It’s near midnight. Democratic Party delegates are milling about the lobby bar of the Marriott in downtown Philadelphia. And on the big overhead screen, there’s a CNN report on the news of the day: Rep. Debbie Wasserman Schultz (D-Fla.), the chairwoman of the Democratic National Committee, had given up the post after leaked emails showed that some DNC officials had discussed how to thwart Bernie Sanders’ campaign.

Sanders delegates are cheering wildly. The head of the party apparatus many of them despise is out. It’s a victory for the Sanders revolution. Off to the side, a Florida delegate for Hillary Clinton looks on sadly. “I suppose she had to go,” he says. He then sums up the relationship between Sanders delegates and Clinton delegates with one word: “acidic.”

As thousands of delegates to the Democratic convention hit the City of Brotherly Love (and Sisterly Affection), it was clear that the Clinton campaign’s talk of unity, in the wake of announcing Tim Kaine as Clinton’s running mate, was more hope than reality. Sanders delegates throughout the city were grousing about a series of perceived slights and wrongs: the selection of Kaine, with his centrist reputation; the leaked emails, which showed that, yes, the DNC favored Clinton over Sanders, but didn’t contain evidence of much underhanded activity; and Clinton’s inadequate (in their view) outreach to the Sanders crowd. At a pro-Sanders rally on Sunday afternoon, attendees chanted, “Lock her up,” echoing the mantra of Donald Trump’s convention last week. At a Monday morning gathering of the California Democratic delegation, Sanders delegates booed mentions of Clinton. And Florida Sanders delegates jeered Wasserman Schultz at their breakfast meeting.

Many Sanders folks are still grieving and not accepting Clinton’s triumph. Though Sanders nudged Clinton to the left during the campaign, demonstrated the vitality of the Democratic Party’s progressive wing, helped craft the party’s most progressive platform in decades, and won a small concession regarding the future of superdelegates within the party, many of his delegates were openly and vigorously expressing disappointment and voicing their dissatisfaction with Clinton.

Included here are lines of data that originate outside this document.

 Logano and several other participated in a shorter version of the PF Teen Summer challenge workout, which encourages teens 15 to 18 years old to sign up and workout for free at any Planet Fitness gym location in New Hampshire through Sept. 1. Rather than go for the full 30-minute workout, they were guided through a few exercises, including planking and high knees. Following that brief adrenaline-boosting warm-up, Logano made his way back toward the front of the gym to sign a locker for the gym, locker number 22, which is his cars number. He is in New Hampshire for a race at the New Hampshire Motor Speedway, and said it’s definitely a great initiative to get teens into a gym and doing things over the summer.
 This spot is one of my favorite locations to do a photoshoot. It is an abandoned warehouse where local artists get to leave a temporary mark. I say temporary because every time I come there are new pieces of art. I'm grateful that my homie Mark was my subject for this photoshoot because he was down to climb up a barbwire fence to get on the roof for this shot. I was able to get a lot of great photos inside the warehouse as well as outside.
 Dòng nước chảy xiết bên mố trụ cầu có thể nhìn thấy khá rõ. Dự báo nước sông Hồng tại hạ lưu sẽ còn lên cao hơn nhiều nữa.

Lisa Flyte, a Sanders representative on the convention credentials committee, griped that the Clinton campaign “is still taking jabs at us.” Though she noted she believed that a Trump victory would likely be bad news for low- and middle-income Americans, she said Clinton has “supported policies that hurt middle-income people here and abroad.” She blasted Clinton for supporting “oligarchs overseas and big energy companies.” She was ticked off that the Clinton campaign “is saying we’re unified without real accommodations.” She added, “We’re not ready to move on.”

Jason Brown, the vice chair of the Iowa delegation and a Sanders supporter, was peeved that the Clinton campaign has “not yet reached out to us.” He noted that Clinton’s message was not inspiring Iowans who had volunteered and voted for Sanders. “These people are looking for more from her,” he said. Brown is committed to supporting Clinton, but he remarked, “I’m not sure I can convince the Sanders volunteers with a she’s-not-Trump message. They need more.”

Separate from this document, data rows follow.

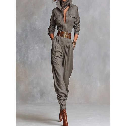 Per donna Normale Tuta Elegante Tinta unica Manica Lunga Colletto a Camicia Tasca Bottoni Quotidiano Casa Vestibilità regolare Grigio Primavera
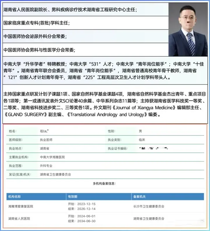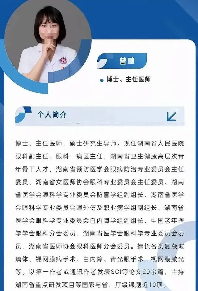 翻开两人的履历,堪称医疗界的 “神仙配置”:祖雄兵是主任医师、教授、博导,手握国家自然科学基金项目,发表 SCI 论文 47 篇,斩获 7 项省级科技奖励,还是湖南省 “121 创新人才培养工程” 骨干,从湘雅医院泌尿外科主任跳槽至省人民医院副院长,妥妥的行业领军者;曾琦作为博士、主任医师,擅长复杂玻璃体视网膜手术,以第一作者身份发表 20 余篇核心期刊论文,身兼眼科副主任与病区主任,是眼科领域的中坚力量。
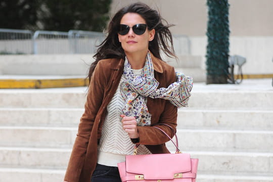 Il fait plutôt froid à New York en ce moment et Katie Holmes s’est habillée en conséquence. L’actrice a enfilé un pull ivoire, avec des chevrons finement découpés. En manteau, elle a choisi de porter un long trench acajou en daim dont la teinte s’accorde généralement plutôt bien avec les cheveux bruns. Pour le bas, l’américaine a opté pour du classique puisqu’elle porte un simple slim noir avec des bottines à talon. Autour de son cou, elle a noué un foulard à motifs qui reprend par petites touches les couleurs de sa tenue et d'autres plus printanières. Ainsi, les teintes sont chaudes, mais Katie Holmes sait comment rafraîchir un look d’hiver…. L’Américaine a reboosté le tout avec un sac rose clair très girly mais finalement assez chic. L’accessoire est griffé Henri Bendel et s’accorde étonnement bien avec l’ensemble. Le petit détail qui nous séduit, en plus de la couleur, c’est la double anse qui est composée de fines lanières. Lorsqu'on possède une pièce forte comme celle-ci, on se doit de la mettre en valeur. Ainsi, la meilleure façon de porter un beau sac est celle de l'ex -femme de Tom Cruise, c'est à dire sur l'avant-bras pour que tout le monde puisse le voir.

At the start of the convention, Sanders delegates were left to their own devices. The Sanders campaign had created a whip system to provide guidance to its delegates. But as of Monday morning, no instructions were disseminating. “That’s been frustrating,” one Sanders delegate from Florida says. “We don’t know what they want us to be saying or doing. We’re in limbo.” (Sanders was scheduled to address his delegates at a Monday afternoon meeting.) A California Clinton delegate pointed out that within her state delegation, there had been little conversation between Clinton delegates and Sanders delegates. “It’s still very raw,” she said. “They’re processing a death in the family.”

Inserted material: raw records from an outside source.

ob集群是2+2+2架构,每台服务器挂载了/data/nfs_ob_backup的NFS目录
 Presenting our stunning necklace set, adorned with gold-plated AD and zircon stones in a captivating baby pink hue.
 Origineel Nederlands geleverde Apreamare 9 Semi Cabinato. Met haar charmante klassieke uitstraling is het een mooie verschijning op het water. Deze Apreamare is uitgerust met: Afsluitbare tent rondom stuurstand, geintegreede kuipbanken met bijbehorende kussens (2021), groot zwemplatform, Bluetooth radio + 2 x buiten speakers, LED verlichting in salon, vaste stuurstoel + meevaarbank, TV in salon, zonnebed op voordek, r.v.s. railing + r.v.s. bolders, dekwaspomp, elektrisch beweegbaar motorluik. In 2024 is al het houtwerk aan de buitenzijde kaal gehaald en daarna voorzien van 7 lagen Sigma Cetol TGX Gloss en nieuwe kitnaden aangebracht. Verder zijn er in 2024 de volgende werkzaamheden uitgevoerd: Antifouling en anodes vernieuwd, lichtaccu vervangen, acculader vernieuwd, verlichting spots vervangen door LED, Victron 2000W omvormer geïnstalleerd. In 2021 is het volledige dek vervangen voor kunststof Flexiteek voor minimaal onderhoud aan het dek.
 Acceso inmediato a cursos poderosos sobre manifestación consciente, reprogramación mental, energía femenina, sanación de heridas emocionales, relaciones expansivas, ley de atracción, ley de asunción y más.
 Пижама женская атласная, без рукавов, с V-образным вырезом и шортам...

At a press conference on Monday morning, the Bernie Delegates Network, an outfit independent of the Sanders campaign that claims to represent two-thirds of the Sanders delegates, presented Sanders delegates outraged at the DNC and Clinton campaign. They were mad that Clinton has named Wasserman Schultz an honorary chairwoman of her campaign. There was talk of launching protests—”an expression of disapproval”—during Clinton and Kaine’s speeches. This could include delegates booing or walking out.

Norman Solomon, a Sanders delegate, asserted, “There is serious interest and exploration…in a formal challenge” to Kaine. Who might that be? Solomon replied that Sanders delegates have approached several politicians, but that “those who want to eat lunch at the White House, they run the other way.” So any names? “We’re working on it.” (Solomon said he has had “zero connection with the Bernie campaign.”)

At this event, Manuel Zapata, a California Sanders delegate, shared his bitter disappointment. “Since the moment we got here, people have looked down on us as we walked past people with our Bernie swag on—as if he’s not still a candidate, as if it’s wrong for us to support our candidate,” he said. He added, “It is disrespectful that a madman like Donald Trump is reaching out for the progressive vote more than Hillary Clinton is.”

Karen Bernal, a leader of the California Sanders delegation, said there would be nothing wrong with Sanders people jeering Clinton when she comes to the podium. She did note that the Sanders campaign was “pressing us not to be involved in protests and not to be so overt in our expressions…My job is to make sure that the wishes of my delegates are heard, that their opinions are heard…They have never been a group to take marching orders.”

Bernal believes Sanders’ endorsement of Clinton was a mistake. She said, “We can still be mad at Hillary Clinton and still say it’s essential to defeat Trump.” But asked if protests by Sanders delegate would help the effort to defeat Trump, Beral noted, “It absolutely helps,” because it will signal to progressives that there is a place for them within the Democratic Party. She didn’t explain precisely how deriding Clinton and her veep pick would bolster the effort to elect Clinton.

It’s uncertain what sway Sanders will have over the Sanders delegates looking to make noise at this convention. The delegates at this press conference repeatedly noted that the movement transcends the candidate and that the activists within it will determine the strategy this week. If they are asked by Sanders not to do something, Solomon said, “we’ll take that under advisement.” He added that Sanders “is not running the show…The activists at this convention will make the social change.”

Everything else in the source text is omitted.